### THE TASK
Restate exactly the lines that run from the start of the records below to the line containing "A glowing lock", counting both ends, and nothing else; pictures stay out.
[GIVEN DATA — start]
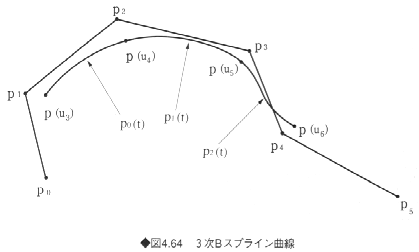 ここで式(4.51)を式(4.42)と見比べると、Bスプライン曲線もベジェ曲線のように、点piの荷重平均の形式になっている。つまり、n次のBスプライン曲線の各セグメントは、通常(n+1)個の制御点によって定められる。この性質をBスプライン曲線の局所性とよぶ。また隣同士のセグメントはn個の制御点を共有しており、Bスプライン関数の性質から曲線もCn-1級の連続性を保証する。このほか、Bスプライン曲線には、ベジェ曲線と同様に、凸包性、変動減少性、直線再現性、アフィン不変性などの性質がある。図4.64に一様ノットの場合の3次Bスプライン曲線の例を示す。
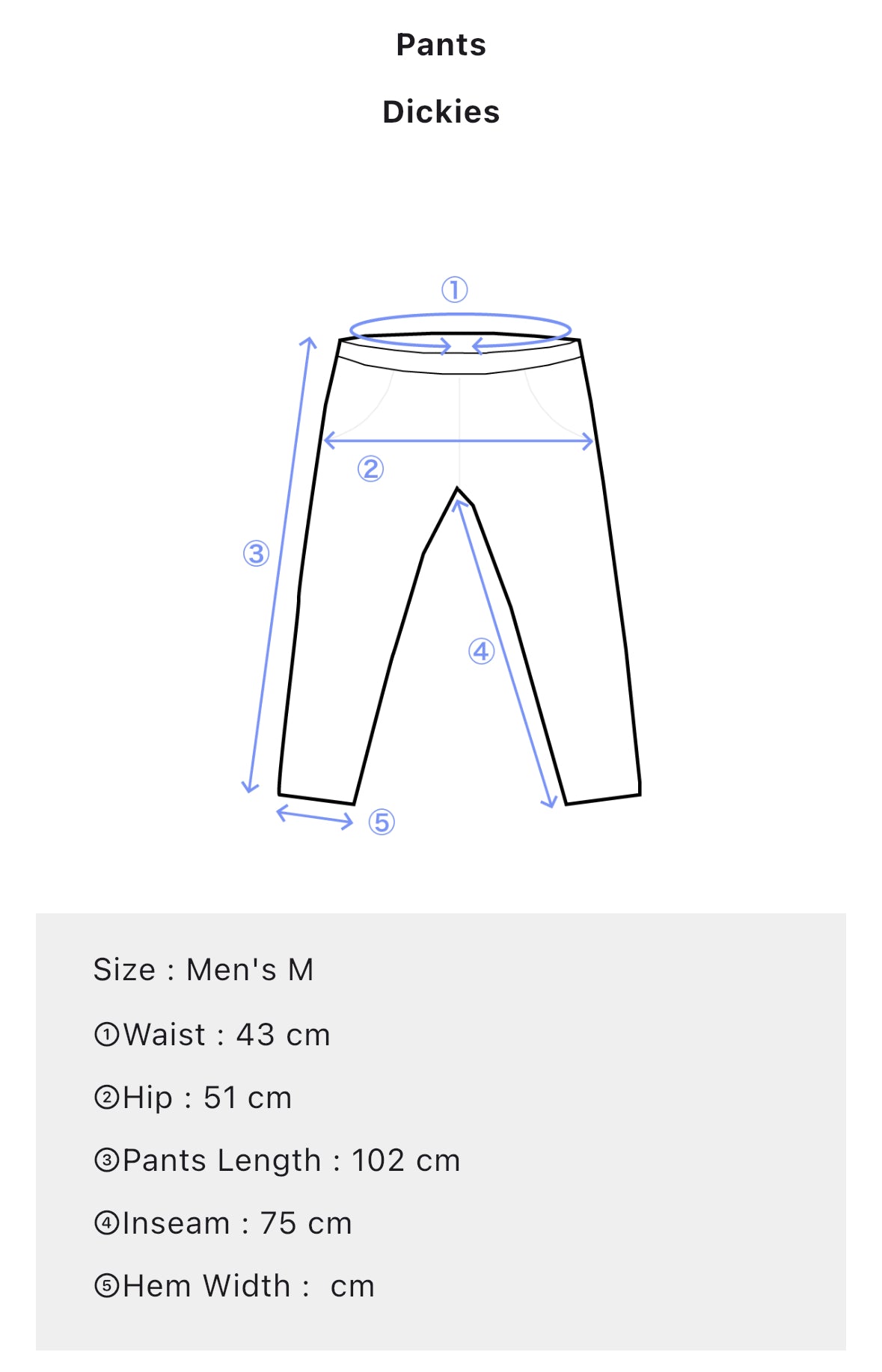 Size: Men’s M — waist: 43 cm, hip: 51 cm, pants length: 102 cm, inseam: 75 cm
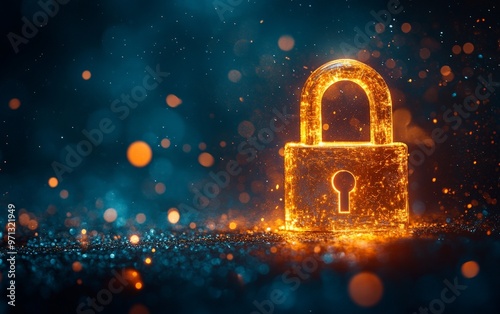 A glowing lock with a keyhole is on a dark background
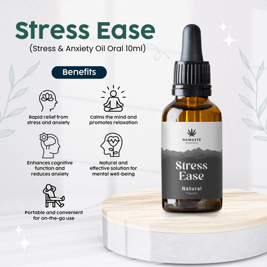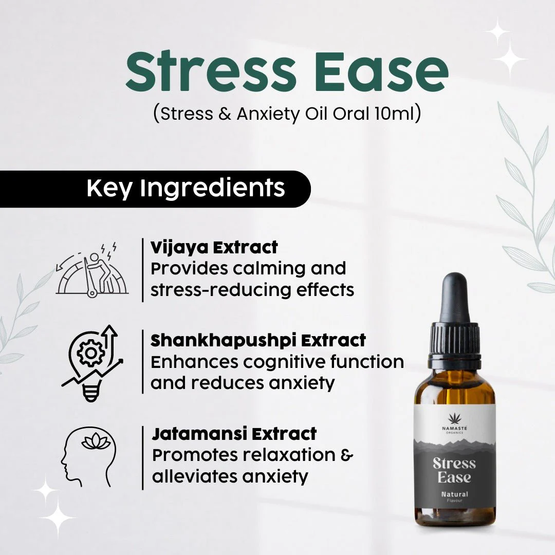 Namaste Organics Stress Ease Oil – Our expertly crafted Ayurvedic formula, Stress Ease, is designed to provide rapid relief from stress and anxiety. Harnessing the power of ancient herbs, this potent oil offers a natural and effective solution to calm your mind.
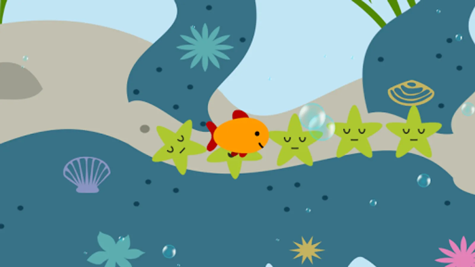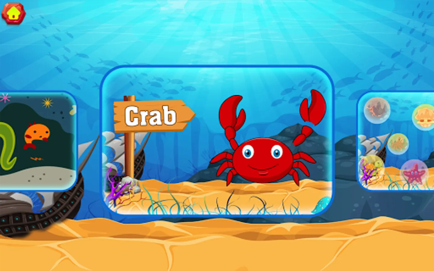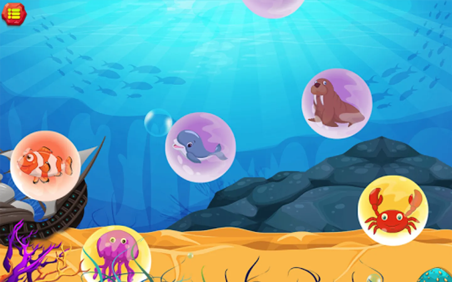 The children will control a goldfish go explore the ocean, and have multiple stops for kids discover: whale, submarine, shark, lobster, crab, octopus, squid, son, electric eel, turtle .......
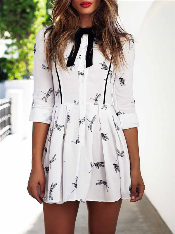 2016 Sexy Mode frauen Libelle Muster Mini Kurze Beilufiges Sommer Beach Party Bund Revers Chiffon-kleid
[GIVEN DATA — finish]
### OUTPUT FOR THIS TASK
 ここで式(4.51)を式(4.42)と見比べると、Bスプライン曲線もベジェ曲線のように、点piの荷重平均の形式になっている。つまり、n次のBスプライン曲線の各セグメントは、通常(n+1)個の制御点によって定められる。この性質をBスプライン曲線の局所性とよぶ。また隣同士のセグメントはn個の制御点を共有しており、Bスプライン関数の性質から曲線もCn-1級の連続性を保証する。このほか、Bスプライン曲線には、ベジェ曲線と同様に、凸包性、変動減少性、直線再現性、アフィン不変性などの性質がある。図4.64に一様ノットの場合の3次Bスプライン曲線の例を示す。
 Size: Men’s M — waist: 43 cm, hip: 51 cm, pants length: 102 cm, inseam: 75 cm
 A glowing lock with a keyhole is on a dark background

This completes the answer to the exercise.